Depressing cocktail of shouting and torpedoes
Hunter Killer
15 cert, 122 mins
Dir Donovan Marsh Starring Gerard Butler, Gary Oldman, Common, Toby Stephens, Linda Cardellini, Michael Nyqvist
The question many of us were left pondering after last year’s Geostorm – a disaster movie in which Gerard Butler played a genius meteorologist who solved climate change by bombing the weather – was where on earth the Scottish action star could possibly go next.
The answer has turned out to be even more of an eyebrow-raiser: a submarine-set action thriller that skews so strenuously pro-russian its plot might as well have been emailed in from the Internet Research Agency’s Saint Petersburg HQ. Butler plays Joe Glass, a sub commander who takes his crew on an off-the-grid, death-or-glory mission to save the life of the handsome and dynamic Russian president, who is such a sweetie that his name is literally Zakarin.

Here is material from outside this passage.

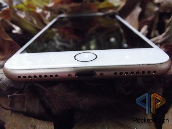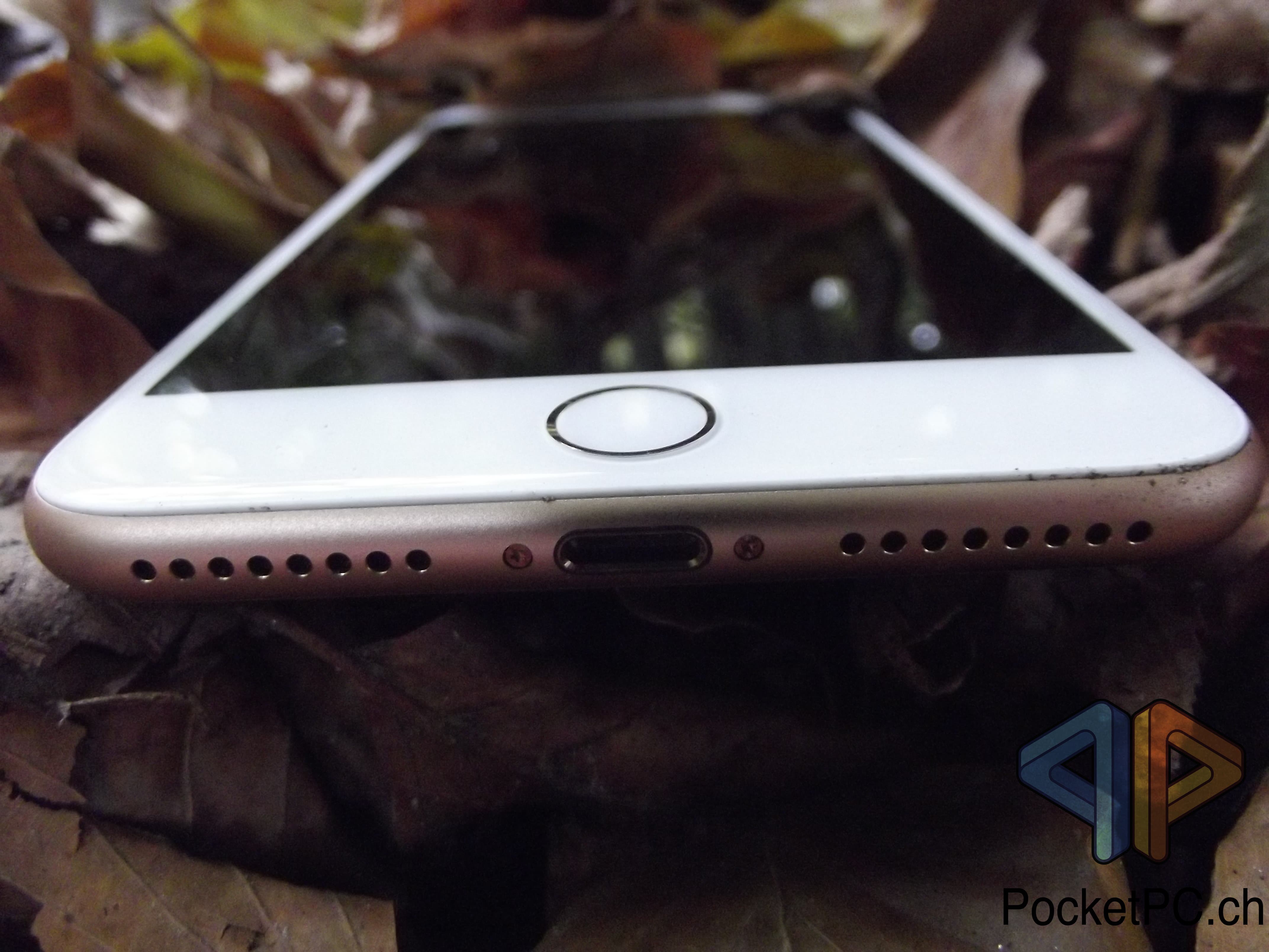 Auf der Vorderseite des iPhones befindet sich der Home Button, welcher wie schon beim Vorgänger eine rein kapazitive Fläche ist, die sich dank Vibrationsresponse wie ein echter Knopf anfühlt. Die Fläche agiert zugleich als Fingerabdrucksensor, was auch gewohnt gut funktioniert. Am unteren Rand des iPhones befindet sich der Lightning-Anschluss sowie die Lautsprecher, links mittig der SIM-Kartenslot und oberhalb davon der On/Off-Knopf. Am rechten Rand findet man die Lautstärkewippe und den bei Apple obligatorischen Sound-Knopf zum schnellen Ausschalten der Klingeltöne etc. Die Frontkamera ist sehr unauffällig in die Front eingelassen, die Hauptkamera befindet sich in der linken oberen Ecke der gläsernen Geräterückseite. Wie schon beim Vorgänger ist sie leicht erhaben und von Aluminium umrahmt. Zentral auf der Rückseite prangt das Apple-Logo.

Viewers familiar with Butler’s accent work in the past may be lulled into a false sense of security by a sequence that introduces his character silently hunting deer in the Scottish Highlands. Yet infuriatingly, he still turns out to be American. Soon enough, Commander Glass is being helicoptered to the naval base at Faslane, where he is given command of an attack sub and tasked with discovering what befell a US patrol vessel that recently dropped off the grid in Russian Arctic waters.
Meanwhile, a Navy Seals team led by Toby Stevens parachutes in to investigate further, and discover a military coup that looks likely to spark World War Three, and which can only be snuffed out with a full-hearted team-up, in which the Russians are given unlimited and unsupervised access to US military intelligence systems. Whatever it takes!
The pacing seems intentionally designed to break your spirits, with a climactic set-piece that rages on forever, despite being comprised of nothing but shouting and torpedoes. It makes Crimson Tide looks like a masterclass in international relations.